Parameter update

See also: Machine learning terms

In machine learning, a parameter update is the rule that adjusts a model's trainable parameters θ after a gradient of the loss has been computed. It is the final stage of every training iteration: the forward pass produces predictions, the loss is computed, backpropagation and automatic differentiation yield the gradient ∇L(θ), and the parameter update consumes that gradient to produce a new value of θ. Most modern training pipelines, including those used to train large language models, repeat this loop billions of times across thousands of GPUs.

The generic form of an update is:

θ_new = θ_old − update(g, state)

where g is the current gradient and state holds optional running statistics such as momentum buffers, second-moment estimates, or per-parameter learning rates. Different optimizers differ only in how they compute that update term.

the training loop

A single training step in a typical deep learning framework follows the same five operations:

Sample a mini-batch of training examples.
Run a forward pass to compute the model's predictions and the scalar loss L(θ).
Run a backward pass that uses automatic differentiation to fill the gradient ∇L(θ).
Call the optimizer's update routine, which applies the update rule to every parameter in place.
Reset the gradient buffers to zero for the next step.

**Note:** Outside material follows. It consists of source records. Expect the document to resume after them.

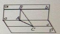 Кут ВАC — лінійний кут двогранного кута з ребром а, що зображений на рисунку. Серед запропонованих відповідей оберіть ту, яка є правильною.а) a || b б)AB⊥a в)AB⊥b г)AC⊥c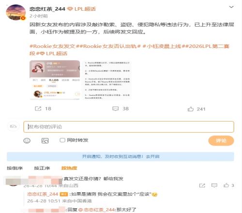 紛爭開始了爆料人談RK女友指控:涉及違法行為小鈺已經(jīng)確定要回應(yīng)了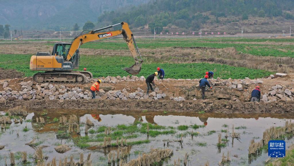 2月24日,施工人員在浙江省臺州市仙居縣雙廟鄉農田修建灌溉水渠和硬化機耕道路(無(wú)人機照片)。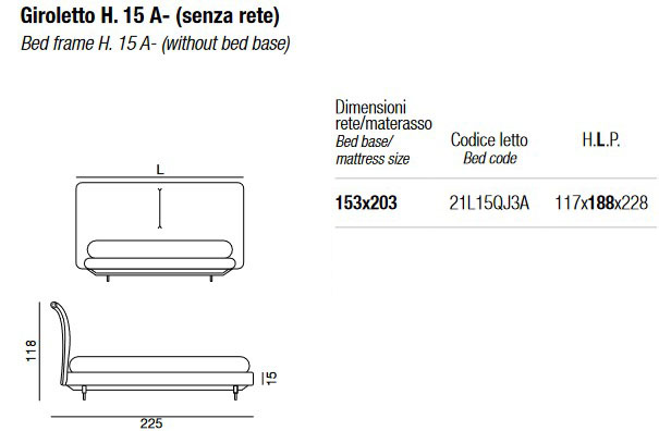 The versions with bed frame H. 15 or H. 25 can be combined with the following legs: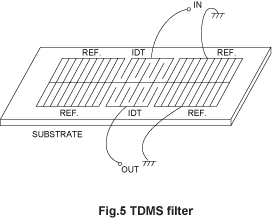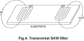 聲表面濾波器(看到)是一種聲波沿表面傳播的彈性基質,振幅的衰減指數與襯底深度.鋸可以生成和檢測到一個叉指式換能器(IDT)壓電襯底.看到的頻率(f)可以發現公式f = V /??哪里IDT時期,V波的速度.看到的傳輸速度隨襯底材料.例如,削減在圣看到石英的速度大約是3100米/秒.看到設備的最佳頻率范圍從10 mhz到2 ghz.的上限和下限的可用頻率看到設備是由精細圖案分辨率,和設備的尺寸和規格.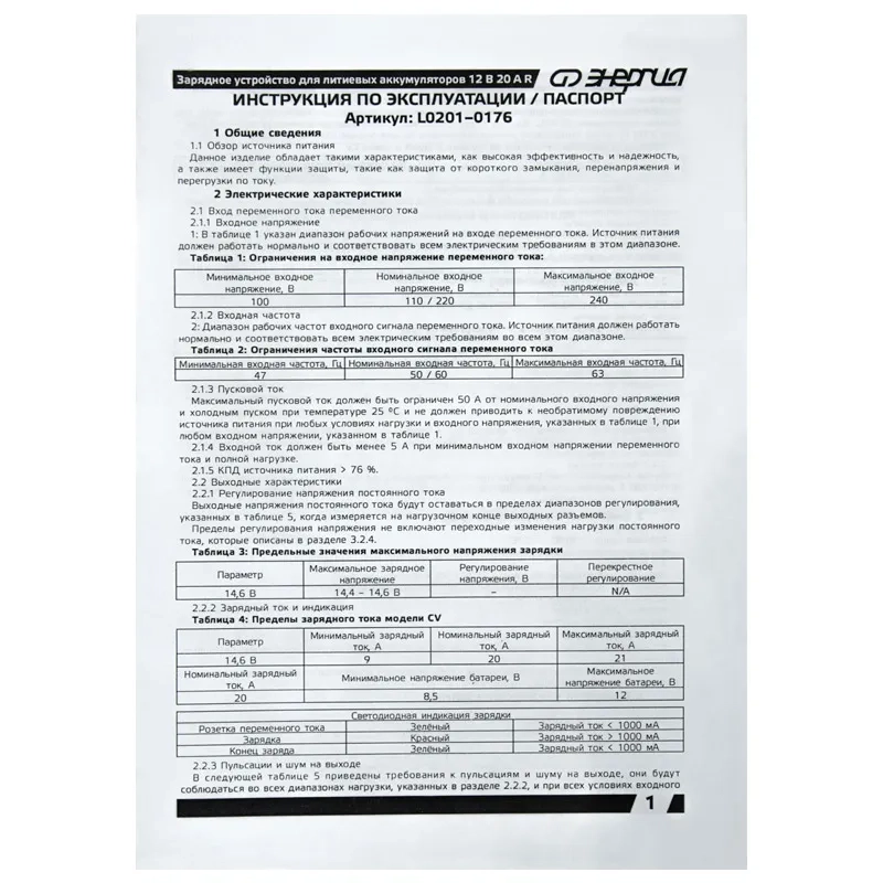 Charger 12V 20A R Старт 30 РТ- предназначено для зарядки литиевых аккумуляторов 12 В с током зарядки 20 А. Оно обеспечивает номинальное выходное напряжение 14,6 В и может автоматически адаптироваться к различным входным напряжениям от 100 до 240 В переменного тока. Артикул L0201-0176 Напряжение питания, В 100-240 Выходное напряжение, В 14,6 Максимальный ток, А 20 Зарядный ток, А 9-21 Иес 12,43 Габариты мм 63 х 220 х 120
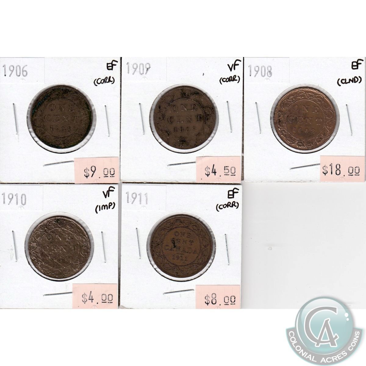 1906-1911 Canada 1-cents Very Fine to Extra Fine (impaired). 5pcs
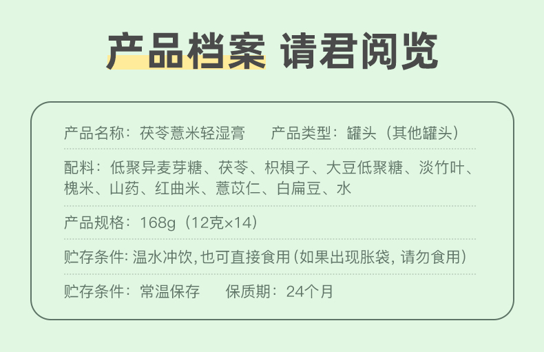 膏别湿态 自在轻盈 茯苓薏米轻湿膏 12g*14条/盒

In PyTorch the last three operations are loss.backward(), optimizer.step(), and optimizer.zero_grad(). In TensorFlow and Keras the equivalent call is optimizer.apply_gradients(zip(grads, vars)). JAX and Optax instead expose optimizers as pure functions that take the gradient and the previous state and return a new state and an update vector; the user then applies that vector with optax.apply_updates(params, updates).

The distinction between computing the gradient and applying the update matters because both operations can be modified independently. Mixed-precision training, gradient accumulation, gradient clipping, and weight decay all live in this gap between the backward pass and the optimizer step.

vanilla stochastic gradient descent

The simplest update rule is plain gradient descent, which scales the gradient by a constant learning rate η and subtracts it from the current parameters:

θ ← θ − η ∇L(θ)

When the gradient is computed on a single example or a mini-batch instead of the full dataset, the same rule is called stochastic gradient descent or mini-batch SGD. Vanilla SGD has no internal state: the only thing the optimizer remembers between steps is the step size itself, which may be adjusted by a separate learning-rate schedule.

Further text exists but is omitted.